## PCA to Autoencoders
##### EECS 495: Deep Learning from Scratch, Final Project
##### By Philip Meyers IV (pmm432)

For my final project, I wanted to look at the method of style transfer discussed in 'A Neural Algorithm of Artistic Style' by Gatys et al. The paper presents a unique and very successful approach to the problem of style transfer, or creating a composite image by combining the content of one image with the style of another. Although such task appears quite difficult, the process demonstrated by Gatys et al. is pretty simple to implement. (Running it, on the other hard, is far more intensive as I found out). Gatys et al. use activations from hidden layers in a CNN trained for image classification (specifically the VGG-Network) to define a new optimization problem. The researchers observed that the activations in the earlier layers offer representation of lower-level features and structures of images that we associate with the content of images.

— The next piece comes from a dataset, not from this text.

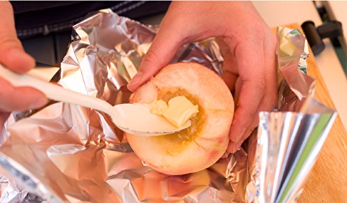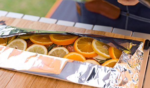 極厚のアルミホイルで大きさも普通のアルミホイルの1.5倍くらいはあるでしょうか、とても厚みがあり、少々の火力ではビクともしません。これをBBQ台の下部に敷いておくだけでお掃除は格段に楽になります。 また別の使い方として、BBQ終了後に網の上にかぶせて、余った炭でカラ焼きをすれば、網についた油汚れがかなり落ち、最後にバーナーで網全体をあぶり焼ききれば、帰ってからのお手入れが格段に楽になります。 これと同じシリーズで焼きそば用の極厚アルミホイルも発売されています。

Similarly, the activations in the later layers are more closely tied to more global image properties, like an artist's painting style. Thus a composite image can be generated from a purely noisy image by learning values for each pixel such that the learned values maximize similarities to early layer activations of the content image and late layer activations of the style image. 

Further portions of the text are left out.